(MATERIAL FOR THE TASK begins)
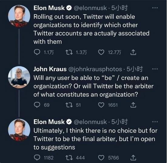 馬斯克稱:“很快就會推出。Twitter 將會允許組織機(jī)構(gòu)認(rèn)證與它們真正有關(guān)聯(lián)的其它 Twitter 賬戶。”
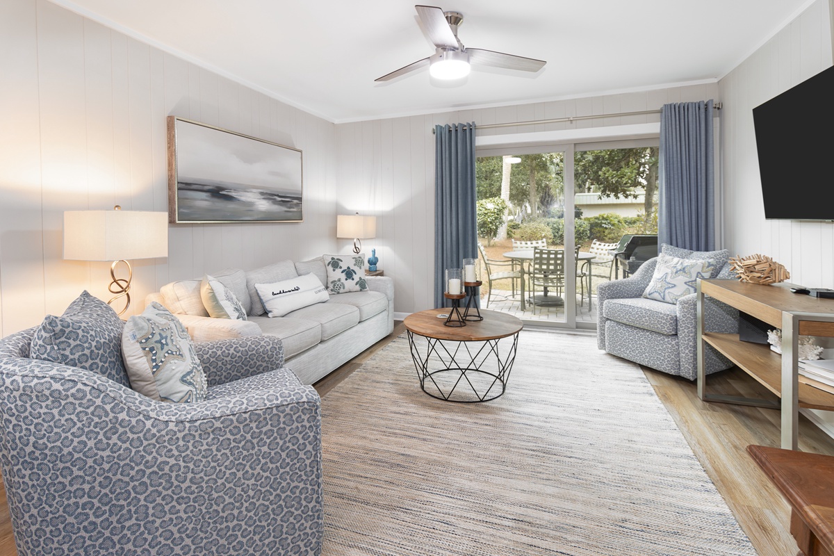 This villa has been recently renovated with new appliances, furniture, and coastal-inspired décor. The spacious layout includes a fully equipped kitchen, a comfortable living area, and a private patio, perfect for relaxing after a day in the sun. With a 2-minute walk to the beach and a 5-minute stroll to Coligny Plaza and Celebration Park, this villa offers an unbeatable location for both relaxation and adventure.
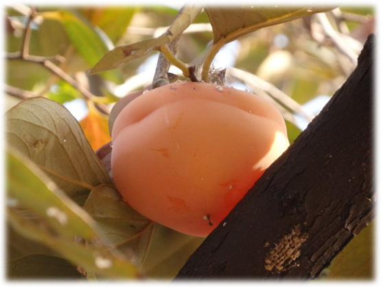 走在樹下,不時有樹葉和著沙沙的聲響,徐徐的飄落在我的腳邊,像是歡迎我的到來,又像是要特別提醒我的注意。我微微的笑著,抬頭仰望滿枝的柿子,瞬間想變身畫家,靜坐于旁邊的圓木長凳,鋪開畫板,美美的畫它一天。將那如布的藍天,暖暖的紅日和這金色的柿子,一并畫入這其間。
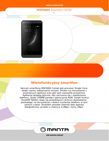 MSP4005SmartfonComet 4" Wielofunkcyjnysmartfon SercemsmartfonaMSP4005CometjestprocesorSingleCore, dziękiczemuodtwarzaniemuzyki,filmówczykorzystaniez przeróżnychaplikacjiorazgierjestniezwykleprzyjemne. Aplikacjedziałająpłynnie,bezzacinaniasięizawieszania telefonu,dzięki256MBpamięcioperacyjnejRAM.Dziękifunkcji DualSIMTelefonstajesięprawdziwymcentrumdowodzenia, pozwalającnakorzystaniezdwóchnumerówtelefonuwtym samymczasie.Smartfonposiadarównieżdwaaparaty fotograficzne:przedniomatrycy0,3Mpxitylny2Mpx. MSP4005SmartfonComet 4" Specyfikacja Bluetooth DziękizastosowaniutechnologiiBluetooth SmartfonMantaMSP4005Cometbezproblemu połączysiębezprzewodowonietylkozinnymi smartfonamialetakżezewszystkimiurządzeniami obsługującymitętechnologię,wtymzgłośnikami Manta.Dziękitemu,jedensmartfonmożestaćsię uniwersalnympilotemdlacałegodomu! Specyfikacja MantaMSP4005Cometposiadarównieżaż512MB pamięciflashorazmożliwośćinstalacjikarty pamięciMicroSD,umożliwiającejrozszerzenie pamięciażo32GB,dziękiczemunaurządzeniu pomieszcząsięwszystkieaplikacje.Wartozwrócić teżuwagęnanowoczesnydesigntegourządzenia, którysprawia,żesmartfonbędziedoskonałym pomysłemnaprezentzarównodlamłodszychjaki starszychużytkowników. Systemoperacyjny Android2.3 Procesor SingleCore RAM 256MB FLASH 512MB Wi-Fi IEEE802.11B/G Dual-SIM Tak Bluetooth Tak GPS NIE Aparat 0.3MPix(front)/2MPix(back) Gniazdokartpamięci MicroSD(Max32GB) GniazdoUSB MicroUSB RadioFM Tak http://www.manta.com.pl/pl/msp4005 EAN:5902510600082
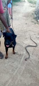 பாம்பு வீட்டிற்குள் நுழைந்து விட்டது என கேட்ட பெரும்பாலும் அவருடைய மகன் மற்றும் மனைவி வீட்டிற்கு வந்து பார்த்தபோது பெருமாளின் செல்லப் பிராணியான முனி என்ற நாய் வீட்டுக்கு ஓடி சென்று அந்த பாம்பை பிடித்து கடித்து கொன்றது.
(MATERIAL FOR THE TASK ends)
(MATERIAL FOR THE TASK begins)
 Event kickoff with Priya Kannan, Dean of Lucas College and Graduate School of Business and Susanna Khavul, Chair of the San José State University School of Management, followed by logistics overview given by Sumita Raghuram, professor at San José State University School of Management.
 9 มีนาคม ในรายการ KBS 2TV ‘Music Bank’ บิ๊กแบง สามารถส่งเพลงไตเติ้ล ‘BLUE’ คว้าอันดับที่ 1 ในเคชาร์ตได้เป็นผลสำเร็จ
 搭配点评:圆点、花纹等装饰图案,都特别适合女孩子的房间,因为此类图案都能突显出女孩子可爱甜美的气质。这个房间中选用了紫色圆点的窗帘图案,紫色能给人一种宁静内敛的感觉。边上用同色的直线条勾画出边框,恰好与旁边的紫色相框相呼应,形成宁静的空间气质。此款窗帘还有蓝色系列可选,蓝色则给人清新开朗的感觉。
(MATERIAL FOR THE TASK ends)
## ASSIGNMENT
Could you return exactly the stretch of the data above that starts at the line with "9 มีนาคม ในรายการ" and ends at the line with "搭配点评:圆点、花纹等装饰图", both lines included?

## WRITTEN RESPONSE
 9 มีนาคม ในรายการ KBS 2TV ‘Music Bank’ บิ๊กแบง สามารถส่งเพลงไตเติ้ล ‘BLUE’ คว้าอันดับที่ 1 ในเคชาร์ตได้เป็นผลสำเร็จ
 搭配点评:圆点、花纹等装饰图案,都特别适合女孩子的房间,因为此类图案都能突显出女孩子可爱甜美的气质。这个房间中选用了紫色圆点的窗帘图案,紫色能给人一种宁静内敛的感觉。边上用同色的直线条勾画出边框,恰好与旁边的紫色相框相呼应,形成宁静的空间气质。此款窗帘还有蓝色系列可选,蓝色则给人清新开朗的感觉。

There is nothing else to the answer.